The full set of entries below needs to be written out exactly.
━━ DATASET EXCERPTS ━━
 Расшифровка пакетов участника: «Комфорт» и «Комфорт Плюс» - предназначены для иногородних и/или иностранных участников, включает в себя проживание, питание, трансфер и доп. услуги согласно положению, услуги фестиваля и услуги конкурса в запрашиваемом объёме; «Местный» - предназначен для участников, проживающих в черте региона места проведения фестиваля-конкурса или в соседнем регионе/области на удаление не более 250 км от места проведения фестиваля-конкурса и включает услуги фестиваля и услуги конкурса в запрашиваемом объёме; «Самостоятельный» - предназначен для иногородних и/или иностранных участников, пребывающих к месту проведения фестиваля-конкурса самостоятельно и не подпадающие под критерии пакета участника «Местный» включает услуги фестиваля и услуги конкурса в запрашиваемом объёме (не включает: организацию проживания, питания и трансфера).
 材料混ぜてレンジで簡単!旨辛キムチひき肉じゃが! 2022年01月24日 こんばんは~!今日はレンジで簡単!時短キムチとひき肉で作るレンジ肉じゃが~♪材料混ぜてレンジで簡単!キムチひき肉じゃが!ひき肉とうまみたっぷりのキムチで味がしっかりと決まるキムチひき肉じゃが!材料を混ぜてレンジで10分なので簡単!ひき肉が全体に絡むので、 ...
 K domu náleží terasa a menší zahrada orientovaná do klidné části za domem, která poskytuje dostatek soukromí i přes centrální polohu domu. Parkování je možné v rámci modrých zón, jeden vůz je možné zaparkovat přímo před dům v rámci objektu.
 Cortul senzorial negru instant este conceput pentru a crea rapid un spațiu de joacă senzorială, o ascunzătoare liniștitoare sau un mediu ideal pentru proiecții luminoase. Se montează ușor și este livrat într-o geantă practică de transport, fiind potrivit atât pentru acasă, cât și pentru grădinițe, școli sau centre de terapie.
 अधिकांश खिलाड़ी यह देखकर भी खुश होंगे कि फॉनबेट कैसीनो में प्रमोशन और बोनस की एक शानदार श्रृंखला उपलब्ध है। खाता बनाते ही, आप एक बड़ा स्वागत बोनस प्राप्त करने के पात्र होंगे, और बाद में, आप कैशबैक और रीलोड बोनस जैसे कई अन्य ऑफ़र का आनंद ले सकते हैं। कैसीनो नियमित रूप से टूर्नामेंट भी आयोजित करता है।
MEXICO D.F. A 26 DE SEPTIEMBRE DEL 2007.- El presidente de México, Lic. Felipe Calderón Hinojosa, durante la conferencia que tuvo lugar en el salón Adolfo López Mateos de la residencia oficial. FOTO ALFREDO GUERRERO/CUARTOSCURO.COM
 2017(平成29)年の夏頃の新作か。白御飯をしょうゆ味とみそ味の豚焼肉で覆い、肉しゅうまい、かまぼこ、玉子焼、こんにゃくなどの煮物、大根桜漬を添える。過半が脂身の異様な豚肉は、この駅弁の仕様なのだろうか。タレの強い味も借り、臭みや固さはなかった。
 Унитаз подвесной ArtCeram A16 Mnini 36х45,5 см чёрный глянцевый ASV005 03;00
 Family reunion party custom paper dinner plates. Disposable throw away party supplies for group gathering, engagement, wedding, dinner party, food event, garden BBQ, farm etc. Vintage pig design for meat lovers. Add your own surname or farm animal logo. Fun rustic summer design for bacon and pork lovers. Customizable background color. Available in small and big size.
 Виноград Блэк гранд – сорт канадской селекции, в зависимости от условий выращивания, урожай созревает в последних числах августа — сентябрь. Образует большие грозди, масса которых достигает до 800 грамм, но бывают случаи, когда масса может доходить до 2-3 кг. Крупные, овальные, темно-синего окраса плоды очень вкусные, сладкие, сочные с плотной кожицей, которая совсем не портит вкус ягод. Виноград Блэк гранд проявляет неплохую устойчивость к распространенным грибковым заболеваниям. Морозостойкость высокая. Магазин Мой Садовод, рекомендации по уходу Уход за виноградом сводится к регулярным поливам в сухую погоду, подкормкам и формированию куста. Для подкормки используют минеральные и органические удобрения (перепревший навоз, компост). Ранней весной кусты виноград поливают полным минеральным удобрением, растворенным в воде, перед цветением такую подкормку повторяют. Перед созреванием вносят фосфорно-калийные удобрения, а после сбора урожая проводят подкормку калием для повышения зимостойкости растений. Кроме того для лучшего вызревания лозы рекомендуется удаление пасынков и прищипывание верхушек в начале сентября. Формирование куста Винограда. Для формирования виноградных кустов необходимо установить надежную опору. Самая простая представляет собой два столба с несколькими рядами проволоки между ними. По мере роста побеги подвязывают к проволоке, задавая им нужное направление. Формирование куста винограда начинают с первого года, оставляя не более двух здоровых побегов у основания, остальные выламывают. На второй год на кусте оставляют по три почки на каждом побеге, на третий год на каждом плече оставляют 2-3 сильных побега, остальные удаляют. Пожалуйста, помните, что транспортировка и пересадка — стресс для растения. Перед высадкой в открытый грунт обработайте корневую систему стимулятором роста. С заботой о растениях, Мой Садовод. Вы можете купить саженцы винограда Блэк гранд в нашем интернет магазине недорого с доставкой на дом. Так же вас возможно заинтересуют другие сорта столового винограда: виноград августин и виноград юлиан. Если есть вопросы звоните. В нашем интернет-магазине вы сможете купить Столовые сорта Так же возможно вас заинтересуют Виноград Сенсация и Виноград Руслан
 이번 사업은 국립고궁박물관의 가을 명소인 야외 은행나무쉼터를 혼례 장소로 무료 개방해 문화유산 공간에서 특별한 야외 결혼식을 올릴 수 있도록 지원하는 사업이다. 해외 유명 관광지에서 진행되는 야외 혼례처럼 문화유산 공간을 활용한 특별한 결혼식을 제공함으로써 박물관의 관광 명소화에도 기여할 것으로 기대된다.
━━━
- THE ANSWER:
 Расшифровка пакетов участника: «Комфорт» и «Комфорт Плюс» - предназначены для иногородних и/или иностранных участников, включает в себя проживание, питание, трансфер и доп. услуги согласно положению, услуги фестиваля и услуги конкурса в запрашиваемом объёме; «Местный» - предназначен для участников, проживающих в черте региона места проведения фестиваля-конкурса или в соседнем регионе/области на удаление не более 250 км от места проведения фестиваля-конкурса и включает услуги фестиваля и услуги конкурса в запрашиваемом объёме; «Самостоятельный» - предназначен для иногородних и/или иностранных участников, пребывающих к месту проведения фестиваля-конкурса самостоятельно и не подпадающие под критерии пакета участника «Местный» включает услуги фестиваля и услуги конкурса в запрашиваемом объёме (не включает: организацию проживания, питания и трансфера).
 材料混ぜてレンジで簡単!旨辛キムチひき肉じゃが! 2022年01月24日 こんばんは~!今日はレンジで簡単!時短キムチとひき肉で作るレンジ肉じゃが~♪材料混ぜてレンジで簡単!キムチひき肉じゃが!ひき肉とうまみたっぷりのキムチで味がしっかりと決まるキムチひき肉じゃが!材料を混ぜてレンジで10分なので簡単!ひき肉が全体に絡むので、 ...
 K domu náleží terasa a menší zahrada orientovaná do klidné části za domem, která poskytuje dostatek soukromí i přes centrální polohu domu. Parkování je možné v rámci modrých zón, jeden vůz je možné zaparkovat přímo před dům v rámci objektu.
 Cortul senzorial negru instant este conceput pentru a crea rapid un spațiu de joacă senzorială, o ascunzătoare liniștitoare sau un mediu ideal pentru proiecții luminoase. Se montează ușor și este livrat într-o geantă practică de transport, fiind potrivit atât pentru acasă, cât și pentru grădinițe, școli sau centre de terapie.
 अधिकांश खिलाड़ी यह देखकर भी खुश होंगे कि फॉनबेट कैसीनो में प्रमोशन और बोनस की एक शानदार श्रृंखला उपलब्ध है। खाता बनाते ही, आप एक बड़ा स्वागत बोनस प्राप्त करने के पात्र होंगे, और बाद में, आप कैशबैक और रीलोड बोनस जैसे कई अन्य ऑफ़र का आनंद ले सकते हैं। कैसीनो नियमित रूप से टूर्नामेंट भी आयोजित करता है।
MEXICO D.F. A 26 DE SEPTIEMBRE DEL 2007.- El presidente de México, Lic. Felipe Calderón Hinojosa, durante la conferencia que tuvo lugar en el salón Adolfo López Mateos de la residencia oficial. FOTO ALFREDO GUERRERO/CUARTOSCURO.COM
 2017(平成29)年の夏頃の新作か。白御飯をしょうゆ味とみそ味の豚焼肉で覆い、肉しゅうまい、かまぼこ、玉子焼、こんにゃくなどの煮物、大根桜漬を添える。過半が脂身の異様な豚肉は、この駅弁の仕様なのだろうか。タレの強い味も借り、臭みや固さはなかった。
 Унитаз подвесной ArtCeram A16 Mnini 36х45,5 см чёрный глянцевый ASV005 03;00
 Family reunion party custom paper dinner plates. Disposable throw away party supplies for group gathering, engagement, wedding, dinner party, food event, garden BBQ, farm etc. Vintage pig design for meat lovers. Add your own surname or farm animal logo. Fun rustic summer design for bacon and pork lovers. Customizable background color. Available in small and big size.
 Виноград Блэк гранд – сорт канадской селекции, в зависимости от условий выращивания, урожай созревает в последних числах августа — сентябрь. Образует большие грозди, масса которых достигает до 800 грамм, но бывают случаи, когда масса может доходить до 2-3 кг. Крупные, овальные, темно-синего окраса плоды очень вкусные, сладкие, сочные с плотной кожицей, которая совсем не портит вкус ягод. Виноград Блэк гранд проявляет неплохую устойчивость к распространенным грибковым заболеваниям. Морозостойкость высокая. Магазин Мой Садовод, рекомендации по уходу Уход за виноградом сводится к регулярным поливам в сухую погоду, подкормкам и формированию куста. Для подкормки используют минеральные и органические удобрения (перепревший навоз, компост). Ранней весной кусты виноград поливают полным минеральным удобрением, растворенным в воде, перед цветением такую подкормку повторяют. Перед созреванием вносят фосфорно-калийные удобрения, а после сбора урожая проводят подкормку калием для повышения зимостойкости растений. Кроме того для лучшего вызревания лозы рекомендуется удаление пасынков и прищипывание верхушек в начале сентября. Формирование куста Винограда. Для формирования виноградных кустов необходимо установить надежную опору. Самая простая представляет собой два столба с несколькими рядами проволоки между ними. По мере роста побеги подвязывают к проволоке, задавая им нужное направление. Формирование куста винограда начинают с первого года, оставляя не более двух здоровых побегов у основания, остальные выламывают. На второй год на кусте оставляют по три почки на каждом побеге, на третий год на каждом плече оставляют 2-3 сильных побега, остальные удаляют. Пожалуйста, помните, что транспортировка и пересадка — стресс для растения. Перед высадкой в открытый грунт обработайте корневую систему стимулятором роста. С заботой о растениях, Мой Садовод. Вы можете купить саженцы винограда Блэк гранд в нашем интернет магазине недорого с доставкой на дом. Так же вас возможно заинтересуют другие сорта столового винограда: виноград августин и виноград юлиан. Если есть вопросы звоните. В нашем интернет-магазине вы сможете купить Столовые сорта Так же возможно вас заинтересуют Виноград Сенсация и Виноград Руслан
 이번 사업은 국립고궁박물관의 가을 명소인 야외 은행나무쉼터를 혼례 장소로 무료 개방해 문화유산 공간에서 특별한 야외 결혼식을 올릴 수 있도록 지원하는 사업이다. 해외 유명 관광지에서 진행되는 야외 혼례처럼 문화유산 공간을 활용한 특별한 결혼식을 제공함으로써 박물관의 관광 명소화에도 기여할 것으로 기대된다.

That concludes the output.